MyCatLovesWarms · 08/01/2022 22:38

@Perfect28

This thread is a very good warning advert for not having kids with someone useless! Were they always useless or did something change when babies came along? I totally agree about why it is socially acceptable, dad's always abandoning their children whilst if mothers did the same it would be neglect! Utter double standards. Single parents are incredible.
@Perfect28 changed when DD came along
SunsetsAndLollypops · 08/01/2022 22:39

I’m angry that before I’d met my ex id begun getting my life back. Good job, own home, starting to get my freedom back as my ds was 14 at the time. He wanted another child, I wasn’t too sure. Eventually came round to the idea, believed whole heartedly he would be a good dad. Forward 5 years. I’m alone with a 3 year old. No maintenance, no contact between ds and ex, can’t work, on benefits, at risk of losing home. While he goes about his life. I love ny son and do not regret him at all however how these men can just walk away makes me sick. I’ve been left alone and with nothing but disgust at myself for allowing myself to have landed my poor boy with a shit excuse of a father. And the people who comment “why did you have a child with this waste of space” bug the fuck out of me. My entire career has been in mental health and then supporting victims of abuse. Never did I think this would happen to me. I am so sick of the excuses and blaming. Do people think we go out and pick the first loser we come across and decide to pro create with them? Makes me mad as hell

RedCandyApple · 08/01/2022 22:42

Omg that’s terrible Flowers I can’t actually believe people think that it’s the same let alone say it out loud?!

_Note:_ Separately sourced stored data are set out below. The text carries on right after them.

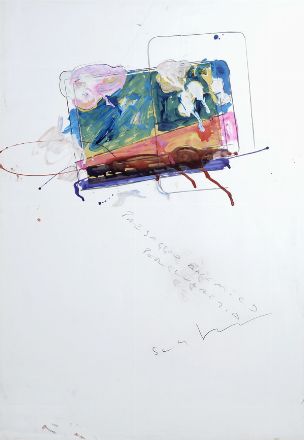Mario Schifano (Homs, 1934 - Roma, 1998) Paesaggio anemico, 1973-78 Smalto e collage su cartoncino, cm. 100x70 Firma, titolo e dedica in basso a destra. Certificato Archivio Mario Schifano, n.00853080223.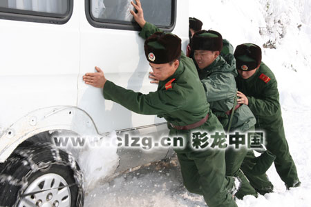 每天,官兵們都要沿著積雪覆蓋、路面結冰的山路,驅車幾十公里才能到達受災現(xiàn)場。由于天冷路滑,官兵們只能清除雪障、疏通道路后才能進發(fā),有時10多公里的路程要2個小時才到達。一到目的地,官兵們就迅速整隊集合,戴上安全帽,系上攀登繩,手拿砍刀和斧頭,背上火焰噴射器,分成若干個小組,沿著山高坡陡、積雪齊膝的小路向海拔2000多米的山上進發(fā)。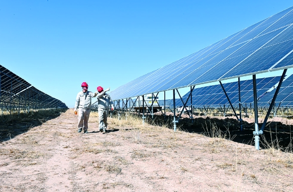 對于光伏產(chǎn)業(yè)發(fā)展而言,“智”造既能讓電站建設(shè)運(yùn)維等更加便捷,也能讓光伏組件的生產(chǎn)能效提高。在海南州興海縣河卡灘,國家第一批“沙戈荒”重點(diǎn)大型風(fēng)電光伏基地建設(shè)項(xiàng)目——大唐興海大基地50萬千瓦光伏項(xiàng)目現(xiàn)場,運(yùn)維員張國茂、趙潤峰正在定期巡檢工作,檢查光伏板、逆變器、變壓器等設(shè)備的外觀是否損壞、連接是否松動、是否有異常聲音,詳細(xì)記錄運(yùn)行數(shù)據(jù),以便及時(shí)發(fā)現(xiàn)異常情況。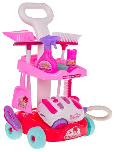 | Bogato wyposażony zestaw sprzątający z interaktywnym odkurzaczem dla dzieci od 3-go roku życia. Zestaw wykonany został z najlepszej jakości plastiku w żywych kolorach. Na zestaw składa się wózek z rączką do pchania i kółeczkami oraz dwoma półeczkami, interaktywny odkurzacz, miotła i akcesoria do sprzątania. Odkurzacz zasilany jest bateriami typu 3 x AA 1,5 V (brak w zestawie), wydaje odgłosy odkurzania, posiada oświetlenie oraz wciąga drobne zanieczyszczenia z powierzchni. Funkcje zestawu: - przeznaczony dla dzieci od 3-go roku życia, - wykonany z plastiku najlepszej jakości w żywych kolorach, - stabilny wózek z rączką i kółeczkami oraz 2 półeczkami, - interaktywny odkurzacz z odgłosami odkurzania, oświetleniem i zbierający drobne zanieczyszczenia z powierzchni, - świetny sposób na naukę czystości. |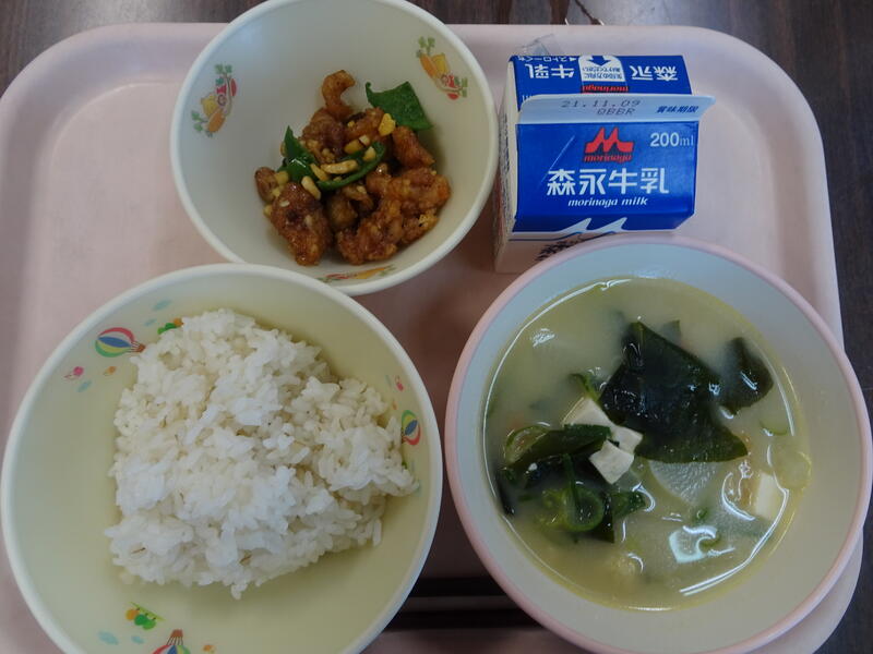 赤飯、牛乳、三色つみれ汁、鶏の唐揚げ、ひじき和え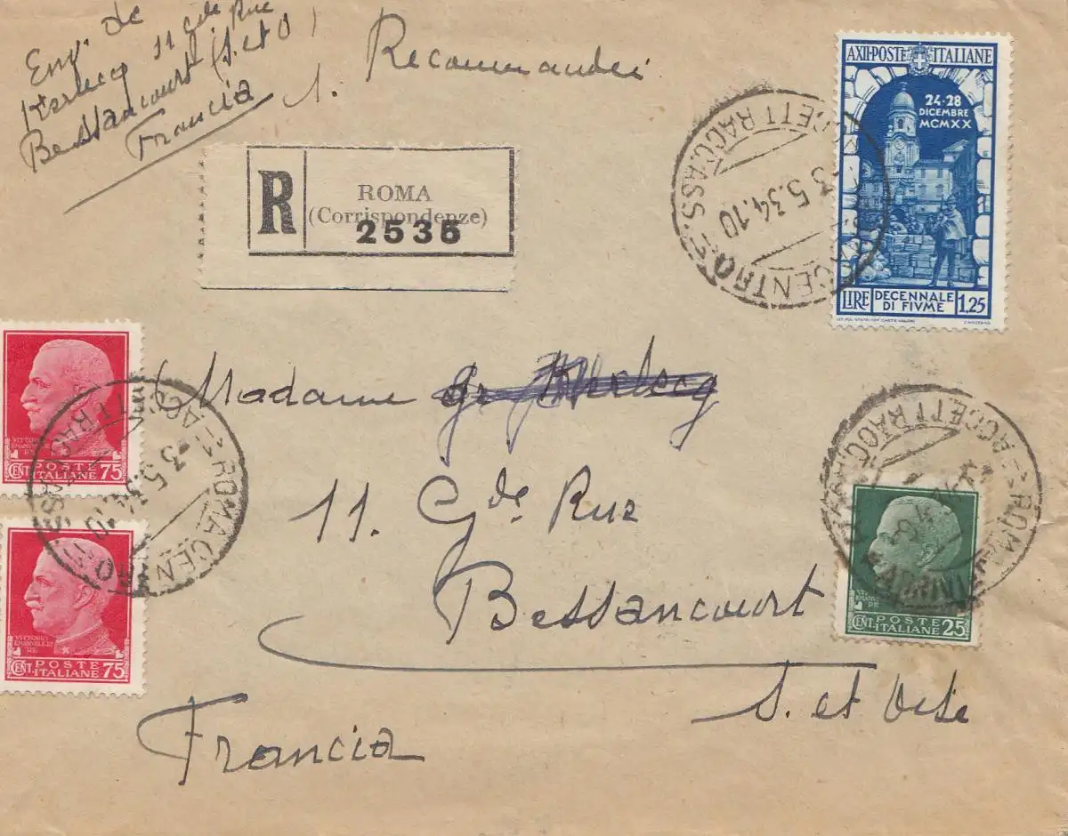 Italien: 1934: Roma asl Einschreiben nach Frankreich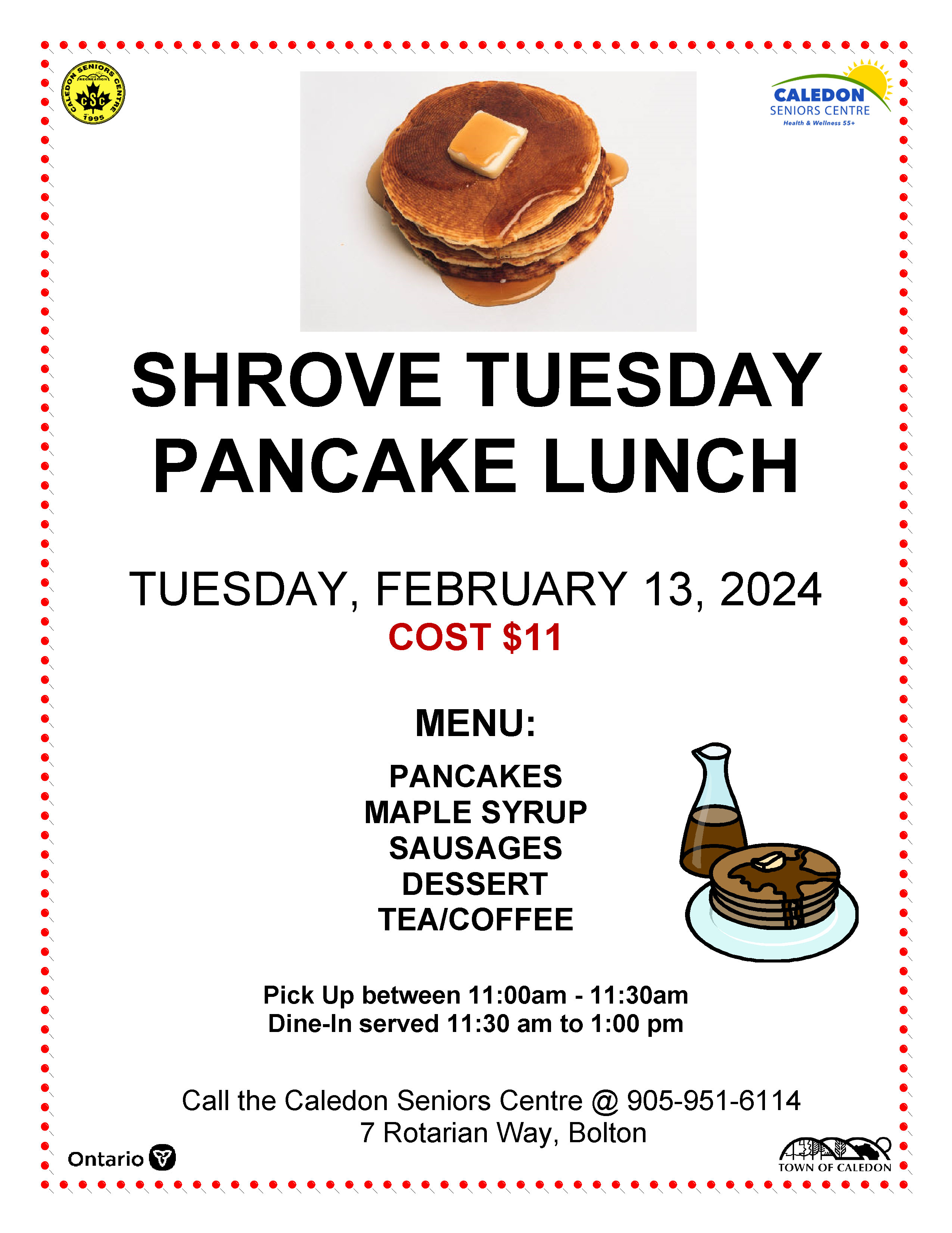 Join us Tuesday, February 13, 2024 at our Shrove Tuesday Pancake Lunch at the Caledon Seniors at Rotary Place in Bolton!

My daughter has autism and I was ranting on an autism page how hard it is being a parent to an autistic child and doing it all alone with no support (ex entirely absent) and asked if there was any other single mums doing it alone and got so many comments from people saying they are not single mums but they know how I feel as their partner works all day so they spend all day alone with their child 😑 I can’t even take my daughter out as I can’t manage her on my own, at least if you have a partner there is someone else their to help even if they do work 🙄 or you can leave them alone with the child when they are back home from work etc really not the same.

whirlycarly · 08/01/2022 22:43

Everyone's struggles look and feel different though. I think people don't mean to be cruel, they're just clumsy and thoughtless.

Before the big affair reveal, xh worked away for a year or two. He was so uninvolved, I remember thinking it actually felt easier when I became a single parent. I wasn't so constantly disappointed by his neglect that way. There was no longer any expectation.